On his show last Friday - and it's not the first time he's done this kind of thing - he called Chris Christy (double quotes since I think this is exact):
"a fat slob who can't stop eating unless he puts a tourniquet on his stomach".
Amazing the level of judgement by people who can't point to anything Christy is bad at as governor over weight. It's called 'the last acceptable bigotry' for a reason.
I said some of Charles' statements I found offensive; Maher is clearly much worse. Of course he called his old show 'politically incorrect', since it's ok for him.
I don't mind people who have the view posted above participating in the discussion - he seemed to say it about as non-offensively as he can.
It's good to let him talk and then respond.
I'd tell him what I've said to others - he can just read my posts - and clearly again his position is well beyond Charles' position.
I think Charles gives it too much weight, no pun intended, but he places it 'well below cheating', while the person above would base a vote on it.

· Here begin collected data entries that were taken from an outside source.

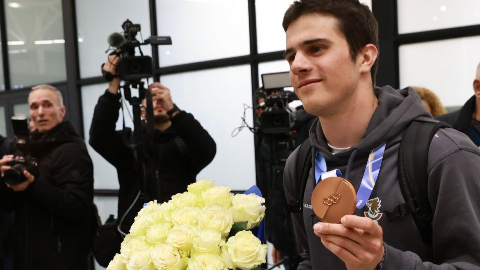 20-годишният сноубордист гордо показа бронзовия си медал от паралелния гигантски слалом, а пред събралите се журналисти каза, че с това отличие вече е изпълнил детските си мечти.
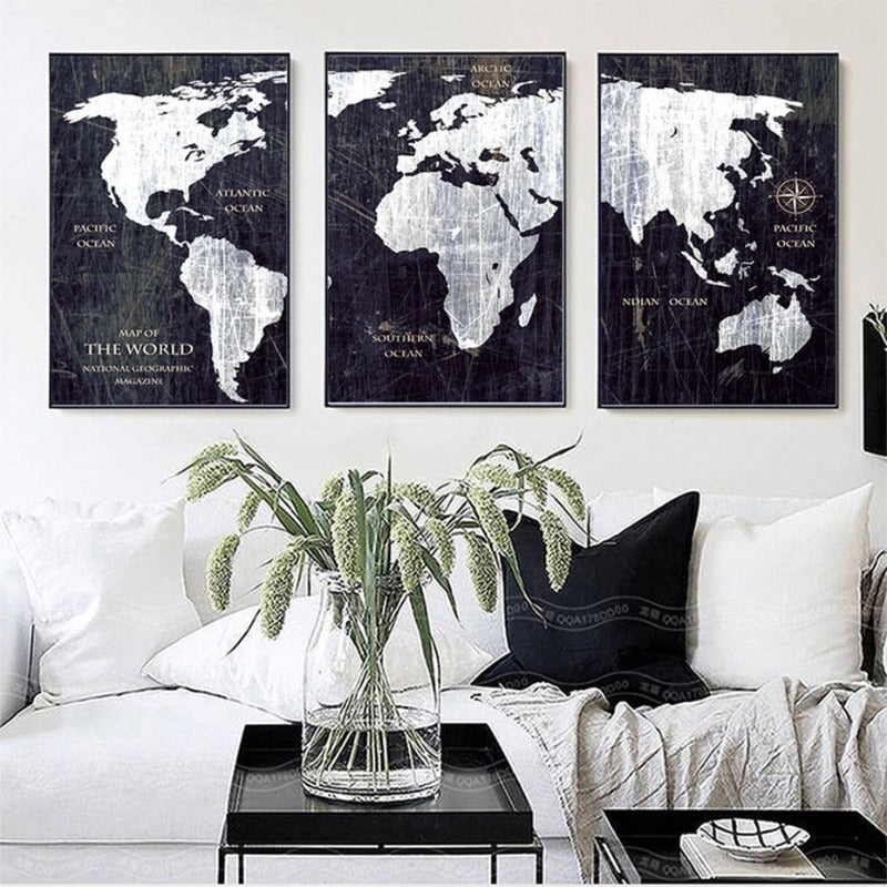 Vintage Black And White World Map Posters Prints - Canvas Wall Art Painting
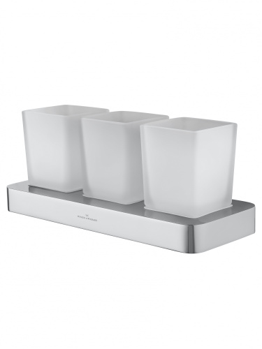 Три стакана для зубных щеток с держателем WONZON & WOGHAND LOTTE, Хром (WW-8338)
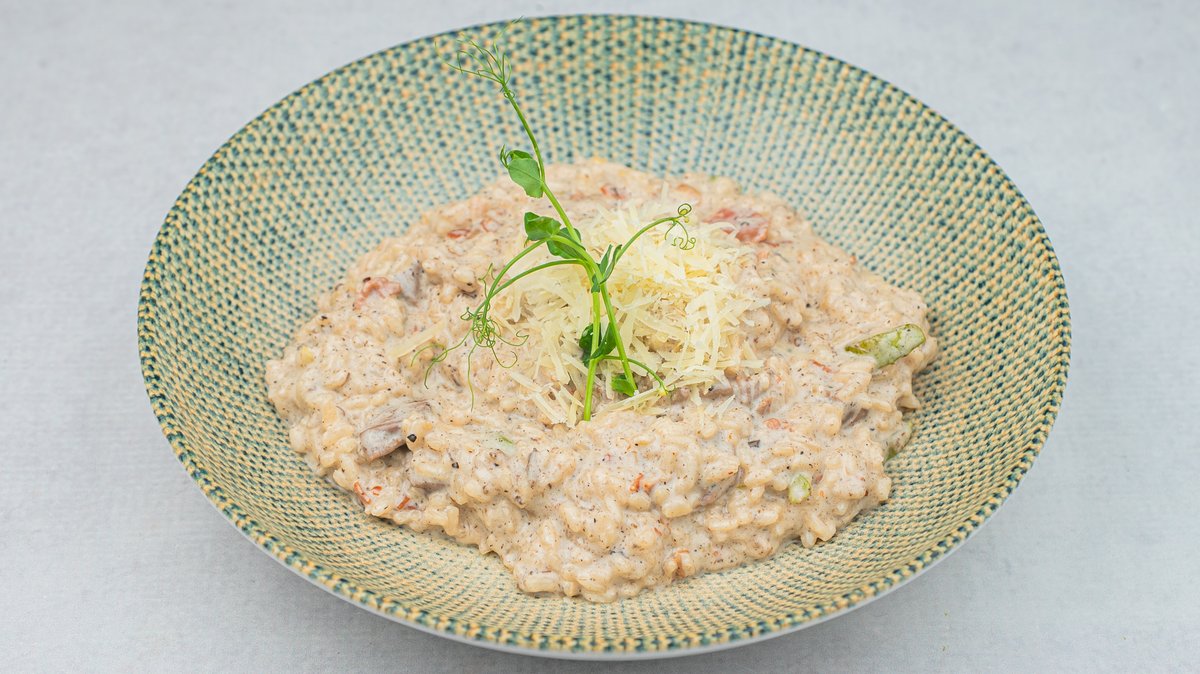 Arborio pirinač, pančeta, sos od kajmaka, pirotski sir, tostirani čvarci, puter, parmezan
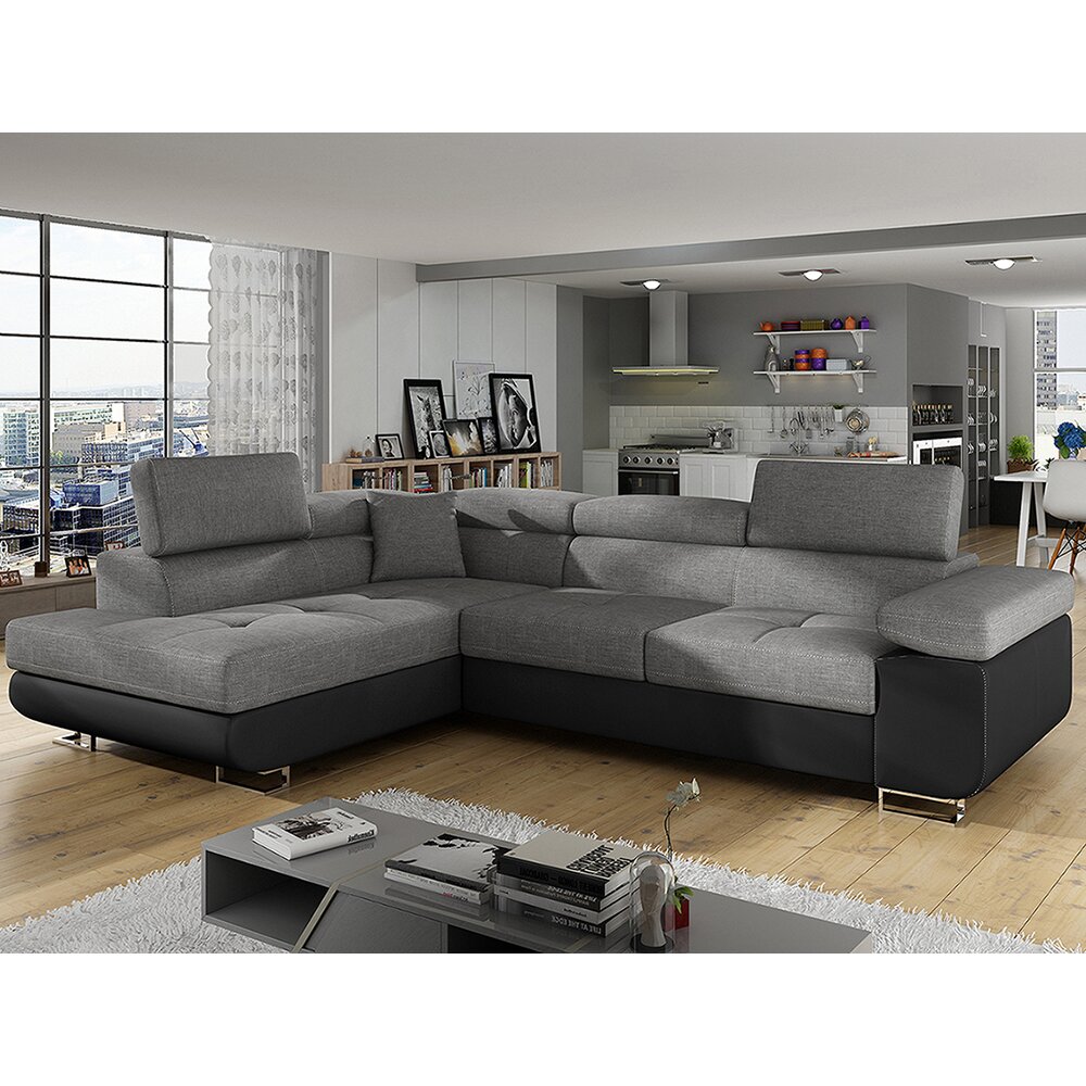 3 verstellbare Kopfstützen Hashtag Home Polsterfarbe: Grau/ Schwarz, Ausrichtung: Links ausgerichtet

It shows the person cares way too much about it - he didn't articulate any rational reason why it should matter the way it does for him, other than uninformed assumptions he makes.

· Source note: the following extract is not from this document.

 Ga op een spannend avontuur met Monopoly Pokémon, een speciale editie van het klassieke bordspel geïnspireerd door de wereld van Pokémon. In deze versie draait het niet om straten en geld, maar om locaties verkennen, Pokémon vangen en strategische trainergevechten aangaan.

But that's a big purpose of this forum IMO, to take a person who feels that way and votes that way, and ask them to back it up, to get informed, to think about it - and improve.
Would he really vote for someone he disagrees on policies with over someone he agrees with but who is morbidly obese?
If so that's his right but it's his right to make a mistake. To be pretty disgraceful as a citizen in my opinion in addition to just the immorality of bigotry.
But again let's put this back in context as well - it's not the only 'irrational' issue. A lot of voters care about various types of physical appearance in who they vote for.
Not all, we have some ugly and good politicians, but John Kennedy's and many other politicians' looks did not hurt them getting elected.
Weight is part of that - but it has its own prejudices in addition to 'good looks'.
Today, I still boggle at how often television shows avoid any fat characters unless it's a very negative stereotype, almost always munching on screen.
Quick, who's one tv show star that's morbidly obese not named 'Rosanne'? Even very obese?
Now, the UK has done it a bit - there's a show called 'Cracker' with an overweight (and unhealthy, over-drinking, over-smoking slob who is pretty rude), but his weight is 'accepted'.
You might find a tiny bit of exceptions on US TV but I can't think of any others off the top of my head, and Roseanne took plenty of grief.
It's one of those things, if you keep your eyes open for it - watch the next few heavy people on TV shows - munch, bag of chips, ice cream, munch munch, negative things.
They'll often have that overweight person say something idiotic for the thin people to correct and such.